渐渐的,这个小观众和后台的演员也成了熟人,大家才知道这孩子从小也学过相声,于是就让他也上台使一段。第一段使下来,张文顺先生乐了:这小子学郭德纲学得太像了,活脱儿就是一个小郭德纲。后来,在张文顺先生的建议下,这个小观众成了郭德纲先生的徒弟。张文顺很喜欢“云”字,家里的书斋就叫“听云轩”,于是,根据他的建议,给这孩子名字中间加了个云字,叫“何云伟”,开始固定在这里演出,给他捧哏的是原来给张文顺先生捧哏的老艺人张文良。“张文良”是艺名,老先生本名叫查良燮,是金庸金大侠的亲叔伯兄弟。
虽然后台的人丁愈发兴旺起来,前台的观众却仍不加多。整场演出台下十几个人、三五个人、甚至一两个人的时候都常有。不管台下有几个人,相声大会照演不误。但也正因为观众少,当时广德楼的相声大会演出不但不赚钱,而且基本上是需要郭德纲贴钱进去的——“一下午挣的钱都不够晚上盒饭的”,“一个月贴个八九千块钱跟玩儿似的。”
郭德纲在台上台下都说过,很长一段时间里,相声大会的运营模式就是他把在别的行业,包括电视剧、主持等工作中“骗”来的钱贴补到相声里:“每当写个东西写个电视剧做个栏目,我都很不落忍,我根本都没拿它们当回事儿。我发现凡是我认真做的事,都不顺,凡是我‘骗人’的事儿,都上赶着拿钱砸我……你说这相声,这么好的艺术,他不挣钱,天时不正!”
而在当年一篇名为《广德楼重振雄风》的报道中,有人做过如下记述——
“自今年6月14日起,由范振钰、郭德纲、张文顺、王惠等牵头联系,广德楼又继续恢复了曲艺演出。演出恢复以来,各项工作井井有条,从起初的每周三场发展为8月份以来的每周六场。更令人感动的是,范振钰、赵桐光、孙雅君、张文顺等老艺术家均不计个人得失,对广德楼的演出给予了极大的支持。尤其赵桐光先生,更是不辞辛劳,往返于京津两地,表现了老一辈艺术家的风范。前辈艺术家们不但参加演出,而且还主动担负起为后辈传道授业的任务。在他们的带动和帮助下,经常在广德楼参加演出的青年演员李菁、徐亮、唐柯、何伟等人的艺术水平都有了不同程度的提高,广德楼这块阵地再一次显示出曲艺摇篮的作用。此外,不能不提的是,作为活动发起人,郭德纲、王惠等同志更是对广德楼的演出尽心竭力,做了大量细致入微的组织工作……”

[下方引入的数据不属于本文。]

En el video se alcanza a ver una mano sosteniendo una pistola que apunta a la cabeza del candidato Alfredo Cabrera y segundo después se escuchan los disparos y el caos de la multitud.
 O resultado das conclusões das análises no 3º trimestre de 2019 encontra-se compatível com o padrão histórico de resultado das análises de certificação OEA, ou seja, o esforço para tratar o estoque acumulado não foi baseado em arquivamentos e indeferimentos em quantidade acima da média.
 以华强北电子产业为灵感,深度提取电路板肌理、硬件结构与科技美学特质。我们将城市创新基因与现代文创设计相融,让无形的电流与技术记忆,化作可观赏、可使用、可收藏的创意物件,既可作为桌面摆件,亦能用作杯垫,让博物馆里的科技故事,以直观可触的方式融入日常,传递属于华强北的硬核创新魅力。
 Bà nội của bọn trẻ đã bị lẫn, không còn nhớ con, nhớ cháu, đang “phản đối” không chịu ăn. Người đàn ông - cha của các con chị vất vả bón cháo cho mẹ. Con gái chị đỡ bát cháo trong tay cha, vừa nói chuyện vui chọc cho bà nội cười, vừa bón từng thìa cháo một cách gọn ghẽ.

2002年冬天,一个星期六的下午,北京城里飘着小雪,大栅栏街上行人寥落,下午14:00,广德楼剧场里的相声大会准时开场,开场的邢文昭先生说得是他的师父刘宝瑞的看家段子《君臣斗》片断。开始演出前,邢文昭先生与台下观众闲聊了几句:“咱们现在这个园子叫广德楼,多少名角儿都在这演过,在当年,这是戏曲曲艺界的‘圣地’,现在也是‘剩地’——全北京城说相声的地儿就剩这一处了……”说到此处时,台下仅有的十几个观众中响起一阵稀稀落落的掌声和笑声。一位观众曾多次目睹十几个演员为台下两三个观众演出的场景,三年以后,他同我聊起当时的场景:“每次我都能想起电影《龙须沟》里于是之扮演的程疯子手执八角鼓站在舞台上的样子,他有可能还饿着肚子,但他要站在台上优优雅雅地说出——烦劳弦师款动丝弦,学徒我挚挚诚诚的伺候您一段《水漫金山寺》……这是如今很难见到的很传统的艺人身上的风骨和气派。再穷再难,这个范儿不能丢。”
尽管没少往里头贴钱,广德楼的演出后来还是因与剧场方的经济纠纷以及剧场的经营体制问题而在2003年停办。之后的一段时间里,除去各种的零碎演出,郭德纲更多的时间都是在家里给几个小徒弟曹云金、潘云霞、张云雷等人授课说活。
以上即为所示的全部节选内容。